In the field of the string quartet Mozart produced two important groups of works that completely overshadowed any he had written before 1780: in 1785 he published the six Quartets (K. 387, 421, 428, 458, 464, and 465) and in 1786 added the single Hoffmeister Quartet (K. 499). In 1789 he wrote the last three Quartets (K. 575, 589, and 590), dedicated to King Frederick William (1688–1740) of Prussia, a noted cellist.
(Fortepiano played by Mozart in 1787, Czech Museum of Music, Prague)
In the course of 1782 and 1783, Mozart became intimately acquainted with the work of Johann Sebastian Bach and George Frideric Handel as a result of the influence of Gottfried van Swieten, who owned many manuscripts of the Baroque masters. Mozart’s study of these scores inspired compositions in Baroque style and later influenced his personal musical language, for example in fugal passages in Die Zauberflöte (“The Magic Flute”) and the finale of Symphony No. 41.

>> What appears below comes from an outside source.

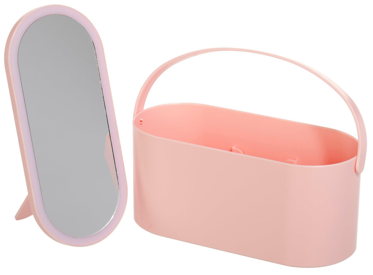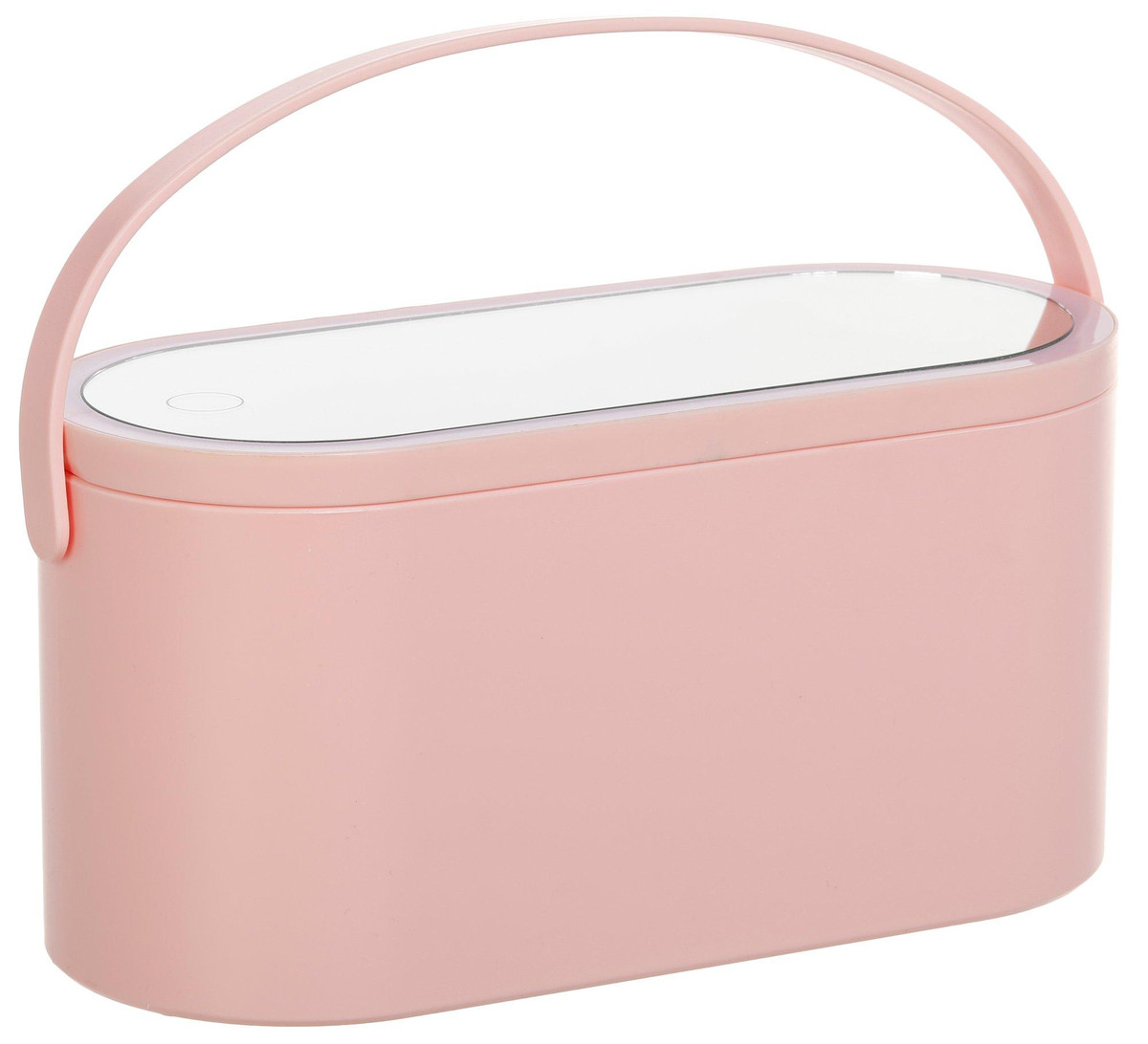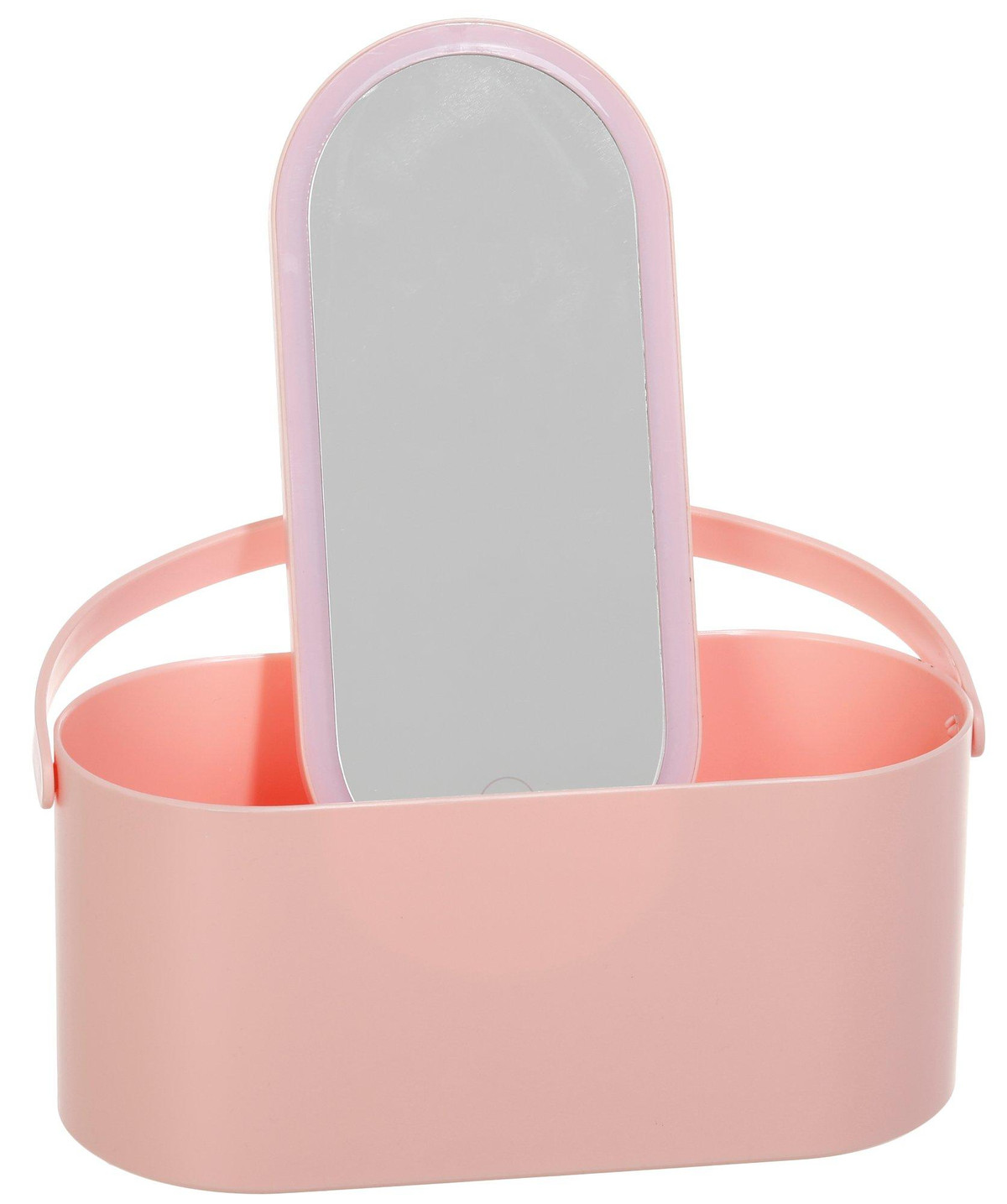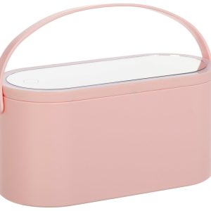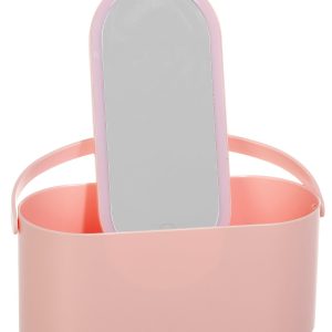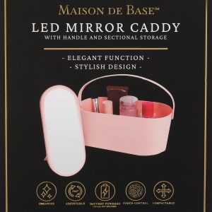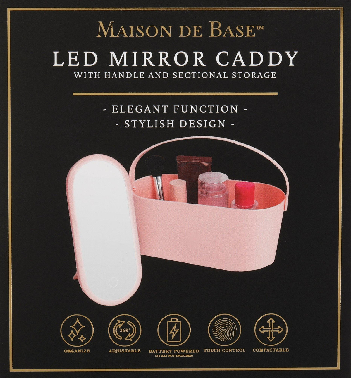 Upgrade your organization with the LED Mirror Caddy, featuring a convenient handle and sectional storage. This innovative caddy combines functionality with modern design, offering touch control for easy lighting adjustments. The built-in LED mirror provides optimal illumination, perfect for makeup application or grooming. Requires 4 AAA Batteries (not included). Measures approximately 4 in x 4.5 in x 9 in.

During this time, Mozart met Joseph Haydn and the two composers became admiring friends. When Haydn visited Vienna, they sometimes performed impromptu concerts with string quartets. Between 1782 and 1785 Mozart wrote six quartets dedicated to Haydn. Mozart’s six quartets dedicated to Haydn (K. 387, K. 421, K. 428, K. 458, K. 464, and K. 465) date from the period 1782 to 1785, and are judged to be a response to Haydn’s Opus 33 set from 1781. Haydn in 1785 told Mozart’s father: “I tell you before God, and as an honest man, your son is the greatest composer known to me by person and repute, he has taste and what is more the greatest skill in composition.”
In 1784, Mozart became a Freemason, a fraternal order focused on charitable work, moral uprightness, and the development of fraternal friendship. Mozart was well regarded in the Freemason community, attending meetings and being involved in various functions. Freemasonry also became a strong influence in Mozart’s music.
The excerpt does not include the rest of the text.